The support man had dropped a rope mat over the snow where the lower part of the steps was still solid, and I went down into the smell of rotting timber and rope and lamp-oil, ducking my head under abeam and seeing the glow of a night-light showing the way to the stairs down to the lower berths. I stood listening again, hearing nothing but the slap of water against the vessel's beam. The light grew stronger as I went below: there was a brass hurricane lamp burning with a good flame on the table of the main cabin below deck, with supplies stacked around it: black bread, cheeses, canned milk, dried fruit, half a dozen military-issue cans of self-heating soup, a plum cake… and I felt a moment of warmth for Ferris: all he'd been able to scrounge in the way of a safe-house for me was a rotting hulk among the ice floes, but he'd told the support man to raid the black market for what he could find to make it look like Christmas, on this unholy night.
I could still taste that man's blood in my mouth and I got the little black iron kettle and filled it and put it onto the butane stove for warm water to wash with and brush my teeth, we are not here to stint ourselves, my good friend, it's Christmas, remember, and have you ever tried to clean your teeth by biting on bloody icicles?
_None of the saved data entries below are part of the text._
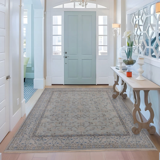 Our Noblesse Collection features hand-knotted wool fine rugs with a vintage texture in soft weathered colors. Made in India. Available in up to seven standard sizes with custom options: 12'0" x 15,0," 10'0" x 14'0," 11'0" x 11'0," 9'0" x 12'0," 8'0" x 10'0," 5'0" x 8'0, 2'10" x 12'0."
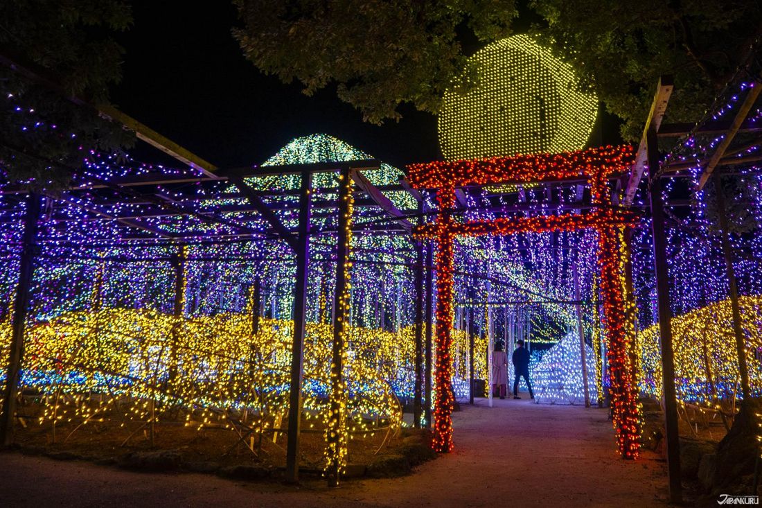 สวนยูชิเอ็น (Yuushien Garden) มีพื้นที่กว่า 40,000 ตารางเมตร มีสระน้ำ และพื้นที่ที่ได้แรงบันดาลใจมาจากภูมิทัศน์ของอิซุโมะ ในฤดูใบไม้ผลิจะมีดอกโบตั๋นลอยน้ำ และใบไม้หลากสีในฤดูใบไม้ร่วง โดยเฉพาะในตอนกลางคืน ที่มีการประดับไฟอย่างสวยงาม "Garden of Light" (光の庭園)
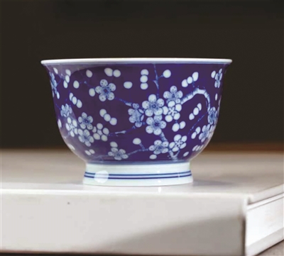 见山冰梅束腰杯。采用传统冰梅纹青花工艺,尽显“冰肌玉骨”的雅致瓷韵。
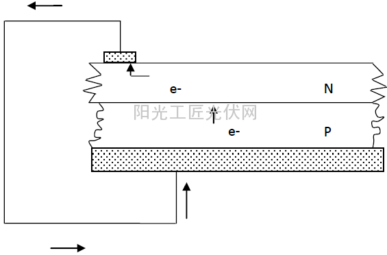 在p-n结中空间电荷区E将电子吸引到n区同时将空穴吸引到p区一边。图2-2描述了短路情况下理想的电荷流动。实际上一些电子空穴对如图2-3所示在被收集前会复合消失。
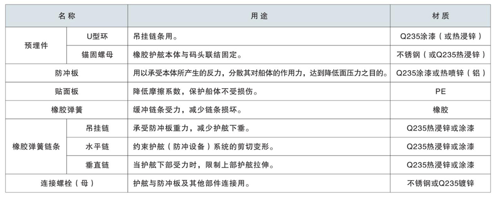 產(chǎn)品構(gòu)成:由橡膠護(hù)舷本體、鋼制防沖板及貼面板(鋼結(jié)構(gòu))組合而成
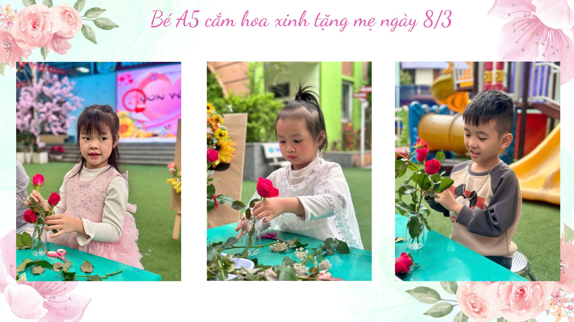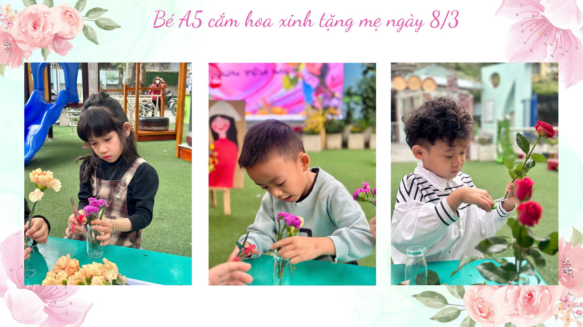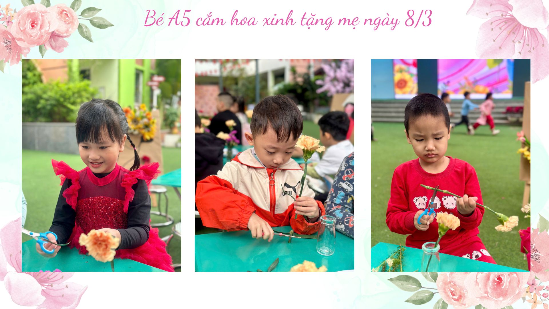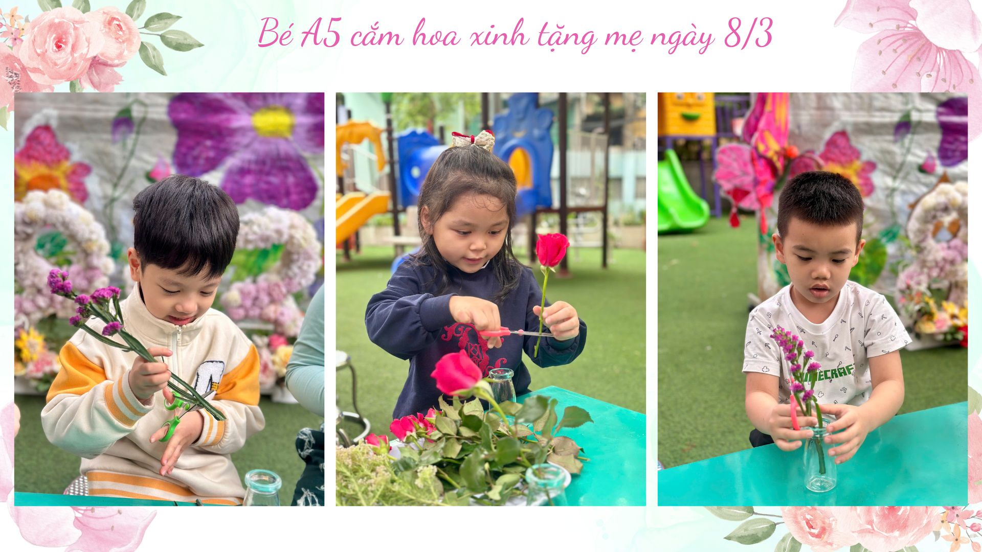 Dưới sự hướng dẫn nhẹ nhàng của các cô giáo, những “nghệ nhân nhí” lớp A5 bắt đầu hành trình cắm một lọ hoa cho mẹ từ những việc rất tỉ mỉ. Các bé chăm chú cắt từng cành hoa rồi khéo léo cắm vào lọ, đan xen đủ sắc màu: hoa hồng rực rỡ, cẩm chướng dịu dàng, sa lem tím ngắt và những bông hoa gạo nhỏ xinh. Mỗi bé một ý tưởng, mỗi bình hoa một vẻ đẹp riêng, nhưng tất cả đều chứa đựng tình yêu thương ngọt ngào dành cho mẹ
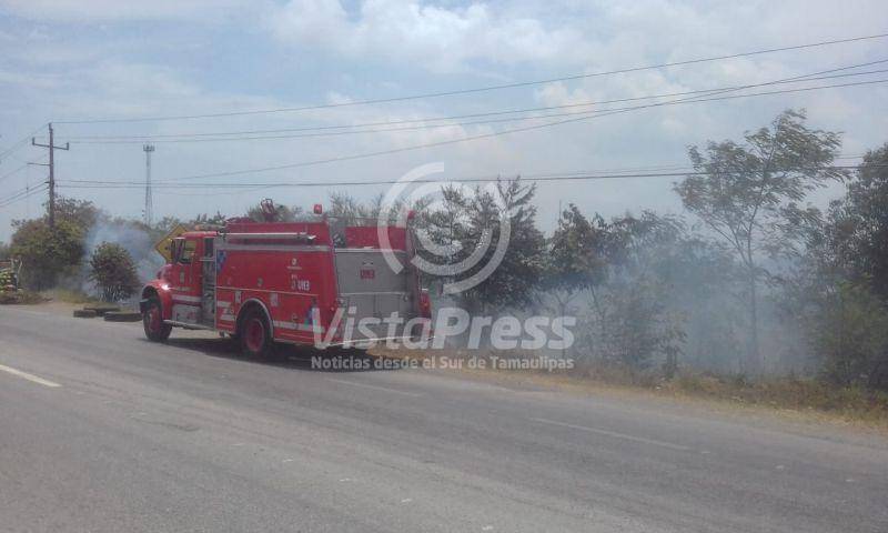 Fue la mañana de este lunes que los vulcanos acudieron al llamado que les hicieran a través del número de emergencias en donde les indicaban que en el acceso al referido fraccionamiento había un incendio, el cual se extendía hasta la carretera Tampico-Mante.
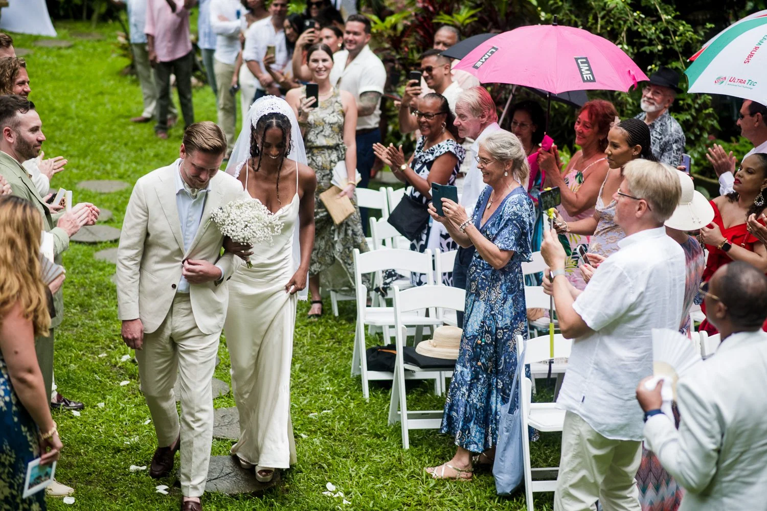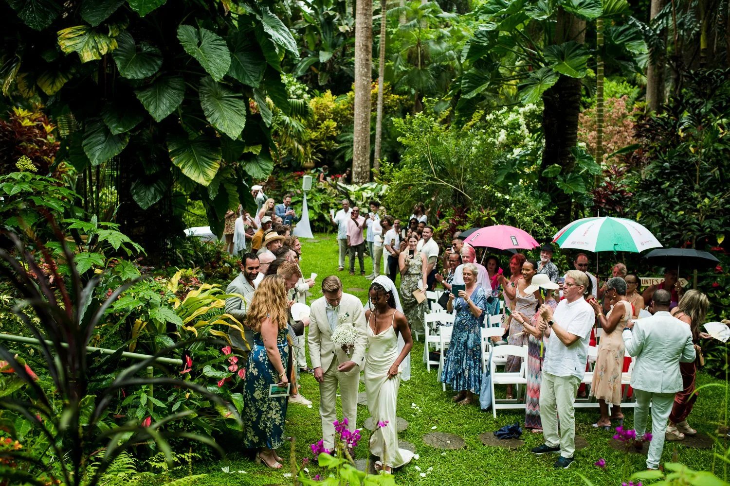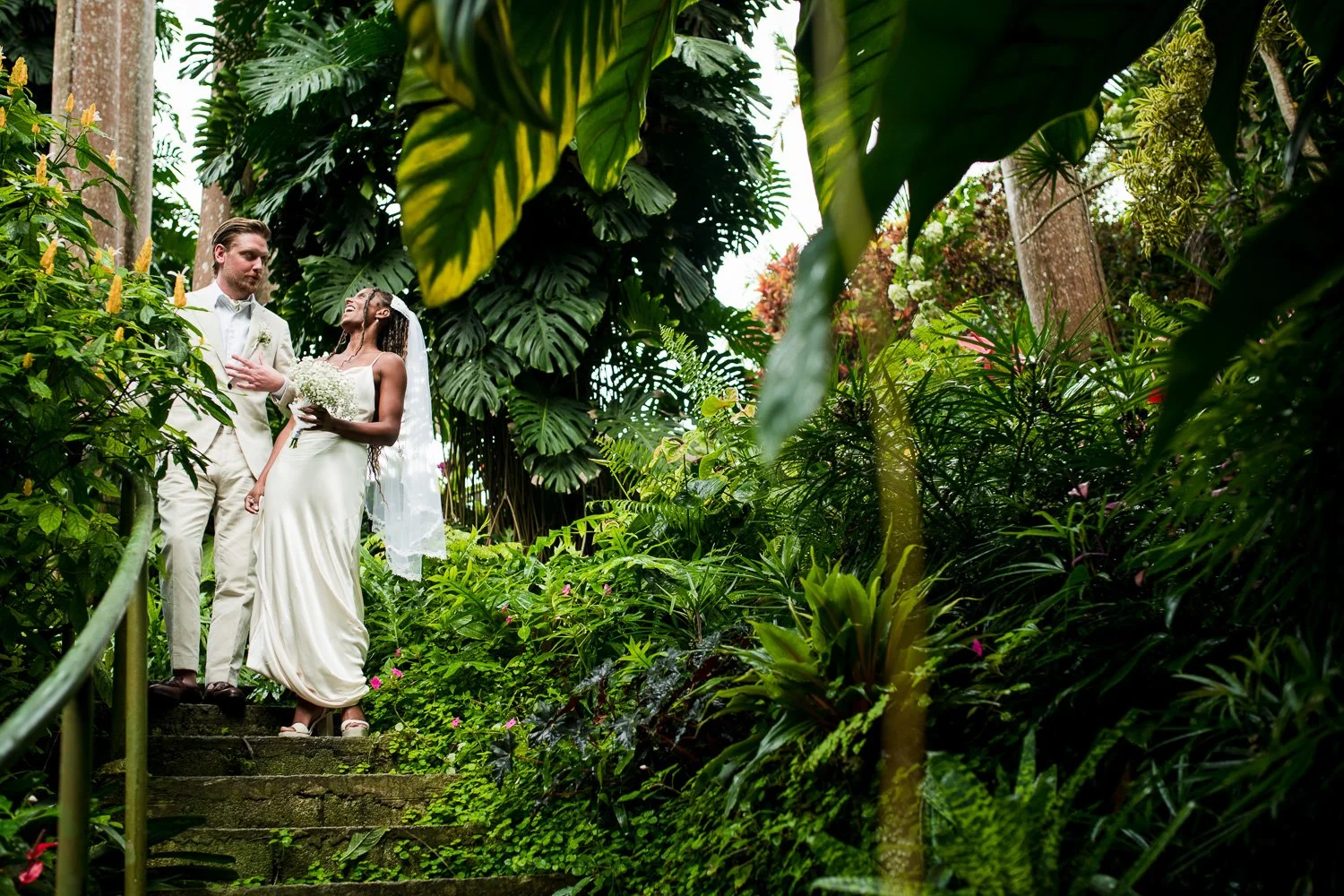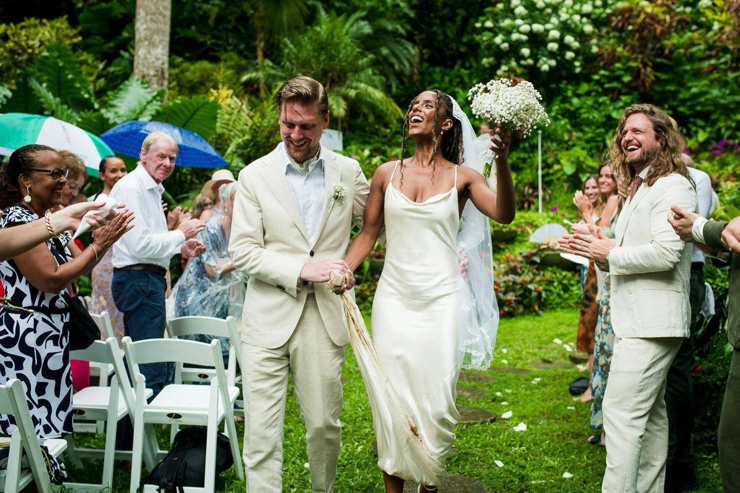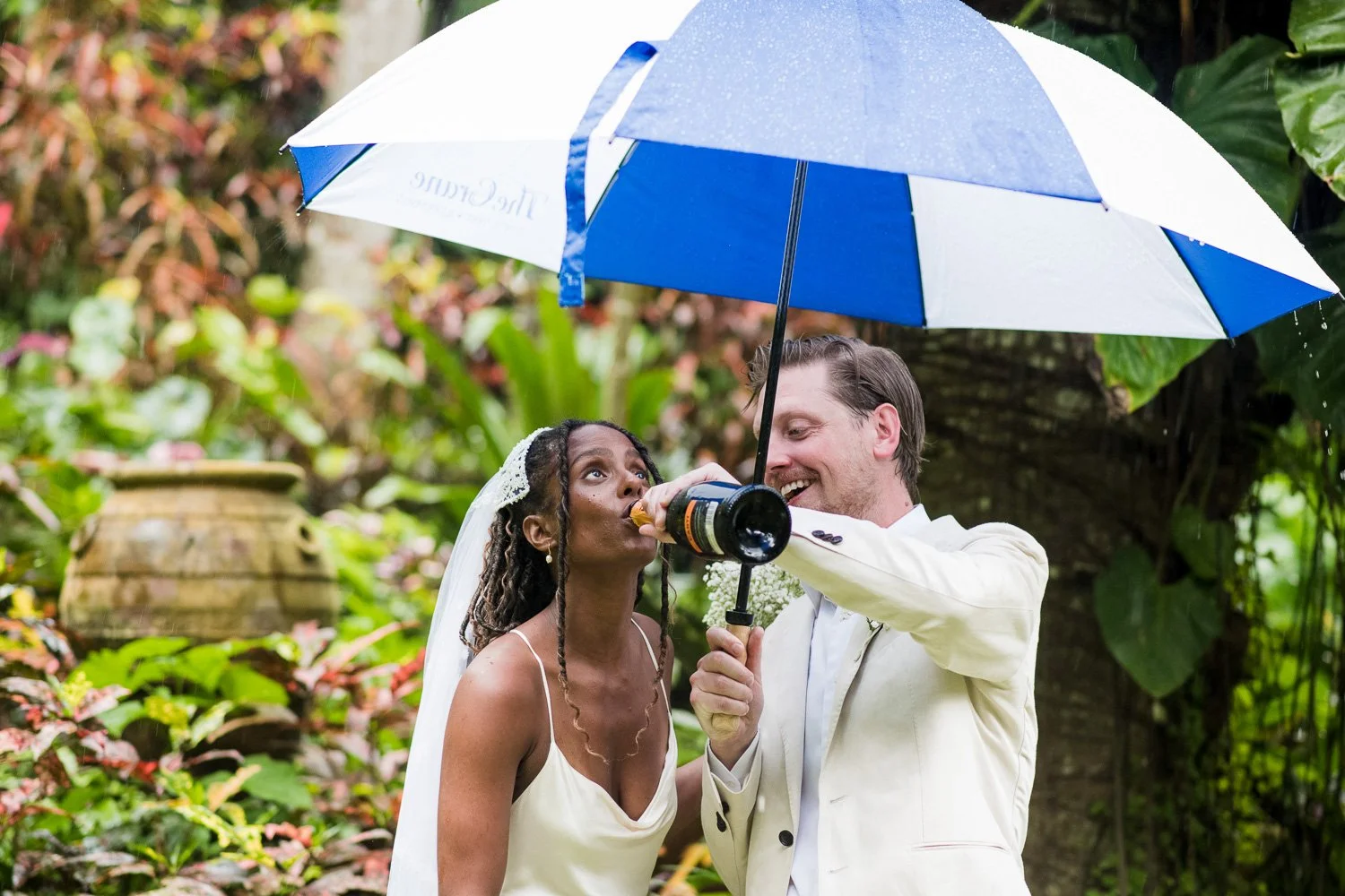 But never once was there a look of dismay on Jennifer or Joel’s face. From the time they arrived at the stunning Hunte’s Garden’s for their wedding, they had huge smiles on their faces. But more, they just laughed through it all. Her white dress turned brown on the bottom, the aisle was water logged, they drank champagne under an umbrella.

9:15 on my watch and I did only the necessary, getting out of the uniform and putting on warm sweaters and sheepskin boots. There were no rats here but they wouldn't be long in coming once they caught the scent of human habitation; I stowed all the vulnerable food packages in the cupboard with the torn poster on the door, girl in a fur hat and slacks and fur boots to the knee, I think it says a lot for a country where the women can look sexy in the depth of winter without a single bikini in sight.